TASK DESCRIPTION. Before you write out the listing, remove the pictures; everything else stays exactly as it is.

THE DATA.
# # # #

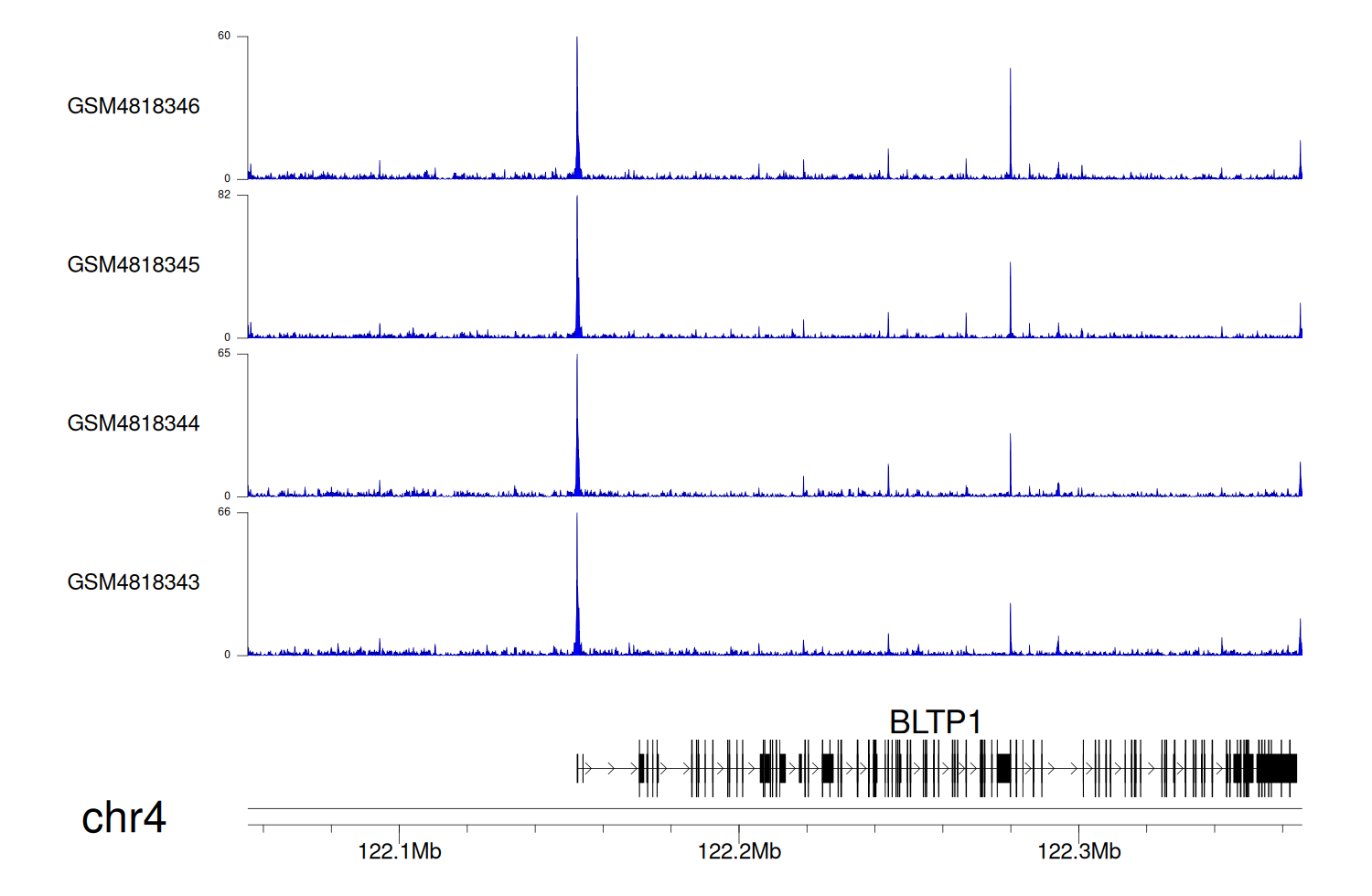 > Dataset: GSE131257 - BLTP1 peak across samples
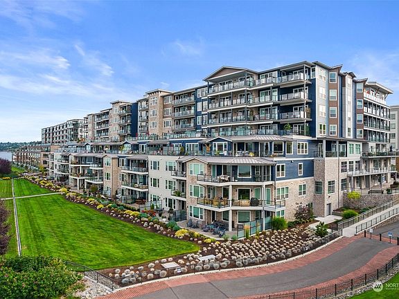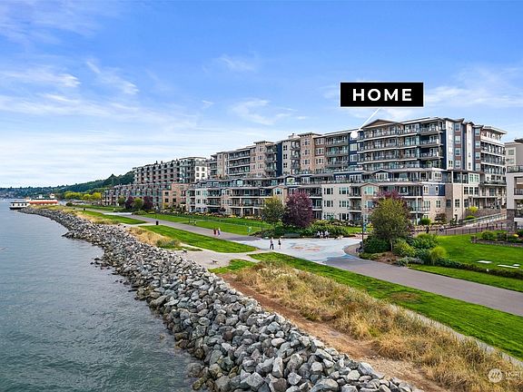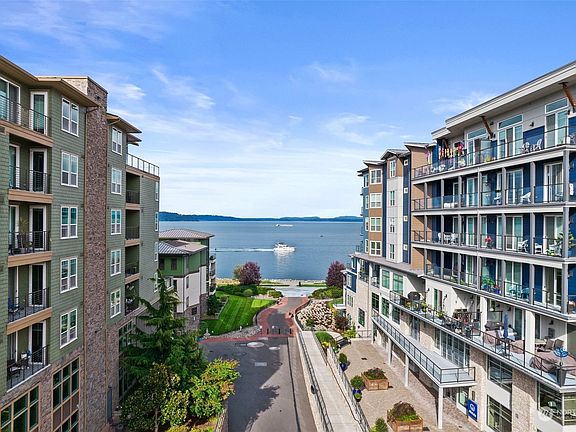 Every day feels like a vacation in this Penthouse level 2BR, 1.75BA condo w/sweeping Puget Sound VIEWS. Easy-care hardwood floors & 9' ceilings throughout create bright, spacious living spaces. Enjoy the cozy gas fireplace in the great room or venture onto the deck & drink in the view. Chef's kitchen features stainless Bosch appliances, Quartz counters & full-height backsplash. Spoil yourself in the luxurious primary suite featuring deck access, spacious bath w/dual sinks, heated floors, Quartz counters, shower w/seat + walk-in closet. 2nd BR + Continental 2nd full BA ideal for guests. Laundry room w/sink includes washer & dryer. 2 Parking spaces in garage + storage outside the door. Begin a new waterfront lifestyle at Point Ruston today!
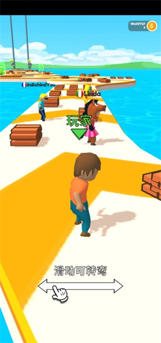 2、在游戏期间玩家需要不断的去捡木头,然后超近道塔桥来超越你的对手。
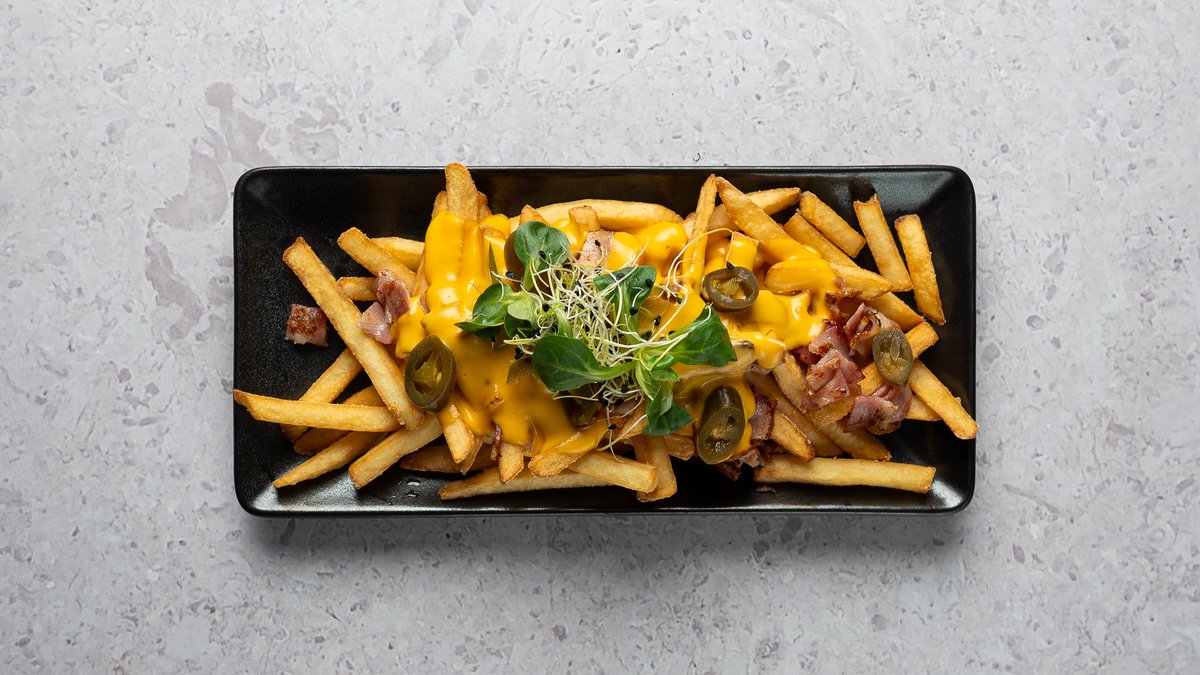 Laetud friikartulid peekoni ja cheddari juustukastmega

# # # #

ANSWER BELOW.
 > Dataset: GSE131257 - BLTP1 peak across samples
 Every day feels like a vacation in this Penthouse level 2BR, 1.75BA condo w/sweeping Puget Sound VIEWS. Easy-care hardwood floors & 9' ceilings throughout create bright, spacious living spaces. Enjoy the cozy gas fireplace in the great room or venture onto the deck & drink in the view. Chef's kitchen features stainless Bosch appliances, Quartz counters & full-height backsplash. Spoil yourself in the luxurious primary suite featuring deck access, spacious bath w/dual sinks, heated floors, Quartz counters, shower w/seat + walk-in closet. 2nd BR + Continental 2nd full BA ideal for guests. Laundry room w/sink includes washer & dryer. 2 Parking spaces in garage + storage outside the door. Begin a new waterfront lifestyle at Point Ruston today!
 2、在游戏期间玩家需要不断的去捡木头,然后超近道塔桥来超越你的对手。
 Laetud friikartulid peekoni ja cheddari juustukastmega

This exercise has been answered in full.